Yam Laranas bears the distinction of not only being the first Filipino filmmaker to have his film remade in a bigger budget English version, but to do the remake himself. That version, titled The Echo, has ended up going straight to DVD in the U.S., although it has enjoyed theatrical distribution elsewhere. Comparisons between the two version will be made by others in November while I'll be devoting my time to the Denver International Film Festival. For those who would rather not wait, or are simply in the mood for a horror film more interested in general creepiness rather than gore, Sigaw is a modestly effective film.
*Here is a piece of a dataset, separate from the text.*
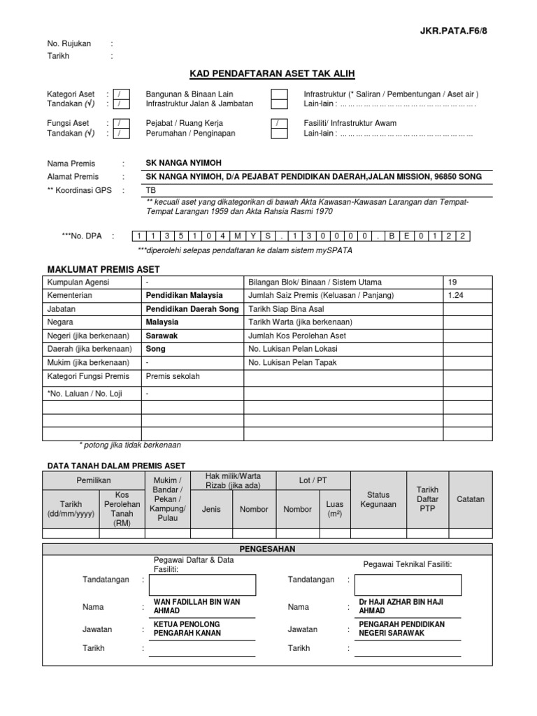 2 Kad Daftar Aset Tak Alih Jkr Pata F68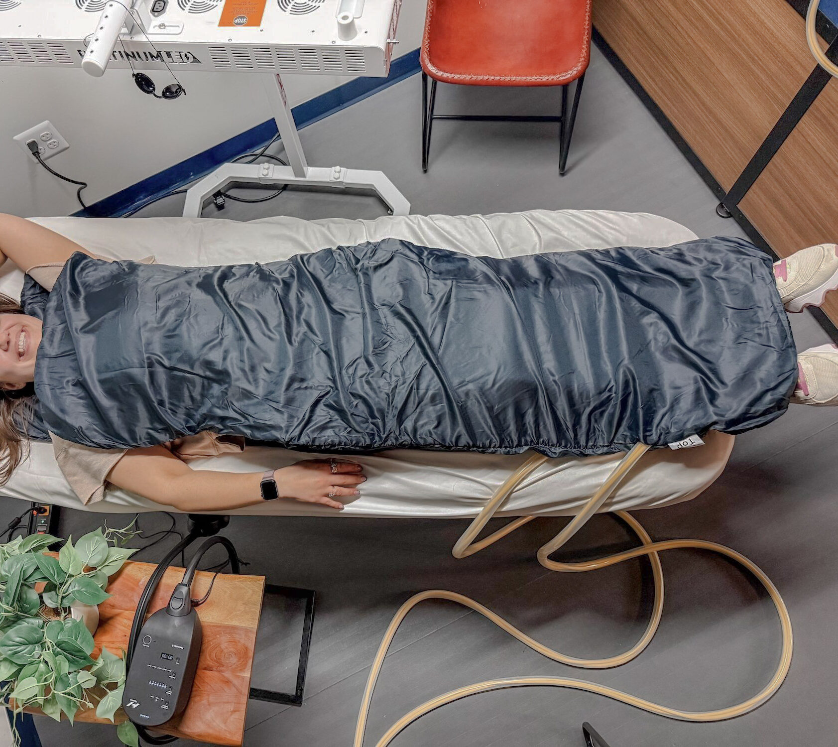 The dual-mat technology strengthens your body’s magnetic field with vibrations that recharge your cells. During the process, your cells receive more electrons and optimize the transport of water and nutrients.

With apologies to James Whale, but this current century seems to see the creation of a sub-genre that might be called "the old, dark apartment". Basically it involves a character who moves into a decrepit apartment building most people would just as soon move out of. The apartment almost always features a big, ugly stain on the ceiling, faulty fixtures, and just enough noise to keep most people from sleeping at night. There may or may not be any other neighbors that one meets, but there seems to be someone or something that appears out of nowhere with the goal of make life more nerve wracking. There's almost always a mystery child. The ghosts that hang around the building do so because of some unresolved issue that causes them to repeat the actions that lead to their death. The ghosts are usually only seen by the person who had the misfortune of moving into the wrong apartment where tragedy took place years before.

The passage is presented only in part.